«Дорогой Александр Александрович,
у меня к тебе две просьбы: первая – доставь, как ты сам мне предложил, лекарства. <…> А другая просьба вот: Александр Мандельштам, по поручению своего брата, украл у <поэтессы> Майи <Кудашевой> экземпляр “Камня”, причем нагло сказал об этом самой Майе: “Если хотите, расскажите: брат не хочет, чтобы его стихи находились у М<аксимилиана> А<лександровича>, т<ак> к<ак> он с ним поссорился”.
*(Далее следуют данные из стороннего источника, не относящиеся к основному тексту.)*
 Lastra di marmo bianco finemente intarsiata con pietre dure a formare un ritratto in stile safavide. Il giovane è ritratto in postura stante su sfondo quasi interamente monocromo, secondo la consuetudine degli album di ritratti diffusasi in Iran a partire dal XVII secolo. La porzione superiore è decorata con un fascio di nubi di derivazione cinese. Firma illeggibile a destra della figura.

Кстати же, эта книга не моя, а Пра <– матери Волошина>. Я узнал об этом, к сожалению, слишком поздно – он уехал к Осипу, и они едут в Батум. Окажи мне дружескую услугу: без твоего содействия они в Батум уехать не могут, поэтому поставим ультиматум: верните книгу, а потом уезжайте, не иначе. Мою библиотеку Мандельштам уже давно обкрадывал, в чем сознался, так как в свое время он украл у меня итальянского и французского Данта. Я это выяснил только в этом году. Но “Камень” я очень люблю, и он еще находится здесь, в сфере досягаемости. Пожалуйста, выручи его.
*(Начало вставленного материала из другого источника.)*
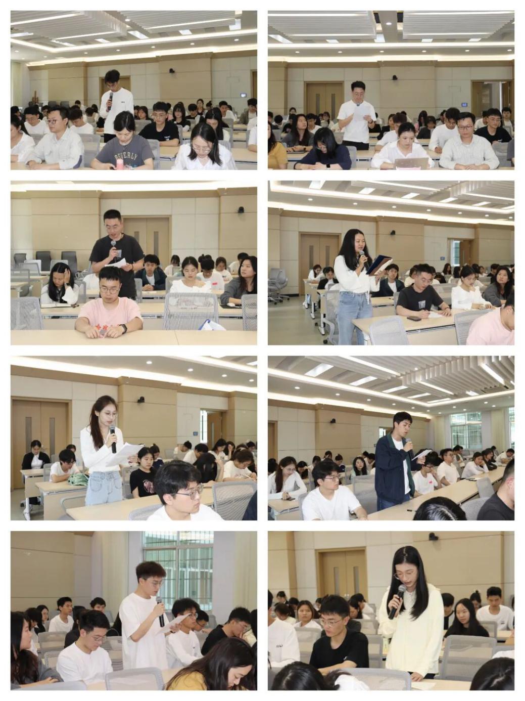 其次由八位学生代表进行交流发言,结合自身情况分别发表个人的学习感想体会。

P. S. Только что выяснилось, что Мандельштам украденную книгу подарил Люб<ови> Мих<айловне> Эренбург, которая мне ее возвращает, так что моя вторая просьба, естественно, <от>падает <…>»[321].
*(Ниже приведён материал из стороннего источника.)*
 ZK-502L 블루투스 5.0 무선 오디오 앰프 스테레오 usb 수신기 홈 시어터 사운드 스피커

Письмо Мандельштама Волошину:
«Милостивый государь!
Я с удовольствием убедился в том, что вы толстым слоем духовного жира, п<р>остодушно принимаемого многими за утонченную эстетическую культуру, скрываете непроходимый кретинизм и хамство коктебельского болгарина. Вы позволяете себе в письмах к общим знакомым утверждать, что я “давно уже” обкрадываю вашу библиотеку и, между прочим, “украл” у вас Данта, в чем “сам сознался”, и выкрал у вас через брата свою книгу.
Весьма сожалею, что вы вне пределов досягаемости и я не имею случая лично назвать вас мерзавцем и клеветником.
Нужно быть идиотом, чтобы предположить, что меня интересует вопрос, обладаете ли вы моей книгой. Только сегодня я вспомнил, что она у вас была.
Из всего вашего гнусного маниакального бреда верно только то, что благодаря мне вы лишились Данта: я имел несчастие потерять 3 года назад одну вашу книгу.
Но еще большее несчастье вообще быть с вами знакомым.
Как видим, Надежда Яковлевна, утверждавшая в своих воспоминаниях: «<Н>икакого Данте он не стащил и не потерял»[322], оказалась права ровно наполовину.